The boys played in a show at a House Concert last night.  I had never been to a house concert and didn't know what to expect.  It was wonderful!  There were kids there!  There were families!  There were people asking about playing music with kids, as families!  About how to get started...



I'm going to write a couple blog posts about getting started.  I'm going to start with the youngest audience, babies and toddlers.  

Here's what worked for us:
  • Play lots of music at home, all different kinds of music, all the time.  Play your favorite music for your kids.  It will become their favorite music!  Dance, sing, and act silly.  Play music in the car.  Sing songs while you walk, work, and play.

  •  Sign up for a Music Together class.  We loved these!  They're so much fun.  The music is good and generally based on folk songs.  There are songs in Spanish.  Best of all, it teaches (completely through play) really sound basic music concepts like pitch and rhythm.  There are other early childhood classes and they are probably good too, but this is the one we have experience with.
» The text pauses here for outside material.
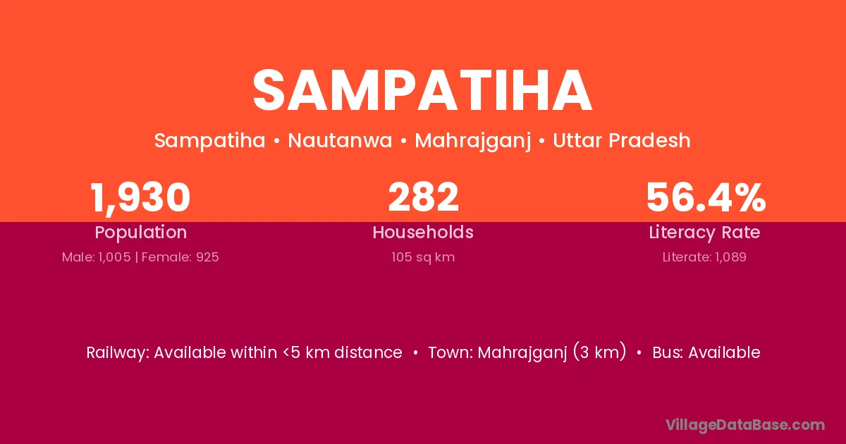 Mahrajganj (3 km) is the nearest town to Sampatiha village for major economic activities and is located approximately 3 km away.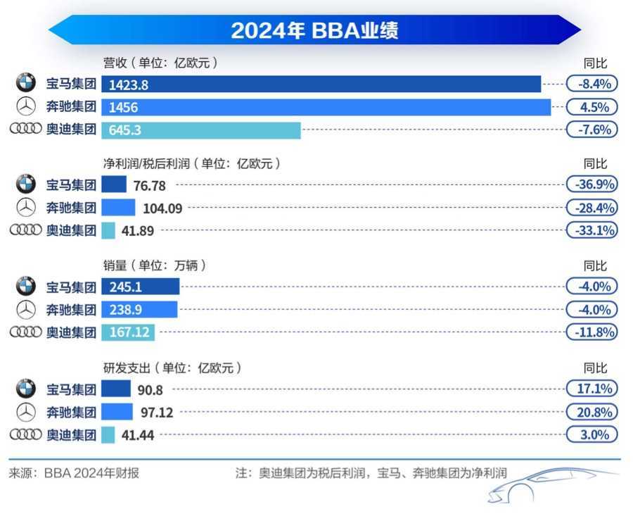 日前,传统豪华汽车三巨头BBA(奔驰、宝马和奥迪集团)相继披露了其2024年财报,引发市场广泛关注。

  •  Go see live music.  Bring the kids.  Get them up front so they can watch the musicians.  Let their early experiences with music show them that music is something that real people make, not just something that comes out of a box.  Better yet, take them to see kids playing real music.  Kids get really inspired by other kids!
  • Take the batteries out of all the plastic toys that play "music".  Don't listen to bad kid music.  You deserve better and so do your kids.  There's a lot of awesome kid music out there.  Check out Dan Zanes and Elizabeth Mitchell.  Throw away the Baby Einstein CDs that you got at your baby shower.  There have been studies done that showed that kids that listen to these are less musical than kids who don't.
  •  Keep the TV off.  If you need screen time to take a shower, buy a Dan Zanes concert DVD, or a concert DVD of your favorite band.  Gus's favorites were the Dixie Chicks and Bruce Springsteen's Seeger Sessions.  I can definitely still see the influences.

  • Fill the toy box with instruments.  Let your kids play them until they break, then replace them with better ones.

  • Learn how to play an instrument yourself.  

  • Go to music festivals
 

  • Stay unplugged.  If they don't have video games they won't play them.  Maybe, if you're lucky, they'll pick up those instruments that you have strewn about the house instead.  

I hope you find this helpful.  It was certainly fun pulling out all these old pictures!